Looking for  best practices on how security teams flag a BAD MACHINE (not user) and prevent it from connecting onto the network via VPN / Wired.

 

** The idea is to block specific MACHINE not specific USER.

** User validated/authenticated via MACHINE CERT and AD

** Should avoid invalidating the machine CERT as a solution so that REMOTE users don't have to be re-issued machine certs AFTER they their machine is cleaned and allowed BACK on to the network.

 

Possible solutions? (have an opinion?) 

I. ADD these BAD machines into blacklist  - I like to avoid using MACs as identifier for blacklists.
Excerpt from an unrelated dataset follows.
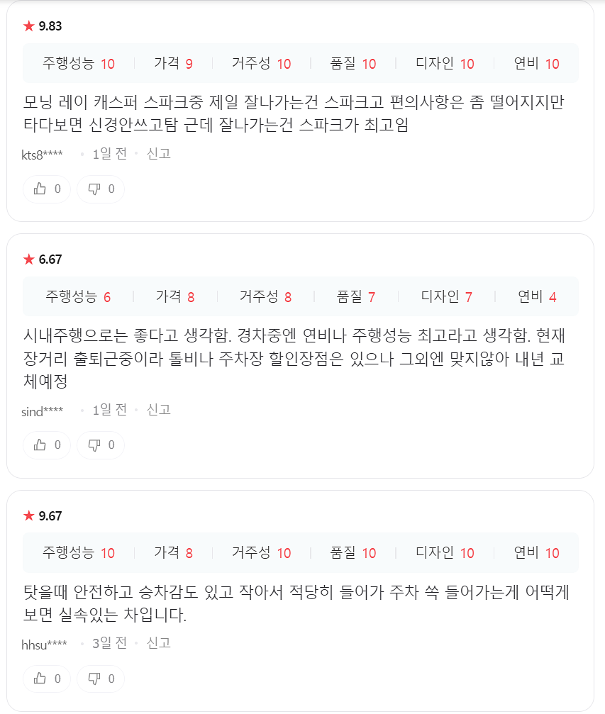안정성 면에서는 오히려 모닝이나 레이보다 문짝이 두꺼워 더 단단하고 안전하다는 평가가 있습니다. 실제 오너 만족도 조사에서 스파크는 5점 만점에 4.4점을 받아 국내 경차 중 가장 높은 만족도를 기록했습니다.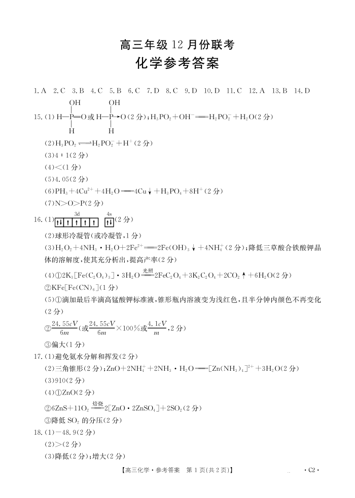 河北省保定市十县一中2025届高三上学期12月联考试题化学答案

II. Restrict MACHINE based on AD group membership? (ex: BAD MACHINES group on AD that machine can be added into and then ISE policy to validate against this).

 

Thanks for feedback.

 

 

 

 

1 Accepted Solution

Accepted Solutions

paul
Level 10
Level 10

What type of authentication are you doing?  Usually on VPN you aren't doing computer based authentication so you won't be doing an AD lookup for the computer account.  Blacklisting may be your only option there.  For the wired side if you are doing User or Computer with Native supplicant you will have an issue because the computer credentials are not presented if the user is logged in.  If you doing computer authentication only then you could AD group or other attributes from AD.  Blacklisting is always an option.

 

How are they flagging the machine as BAD?  If this is done be external security products you could use REST API calls to apply ANC policies/blacklisting to the device.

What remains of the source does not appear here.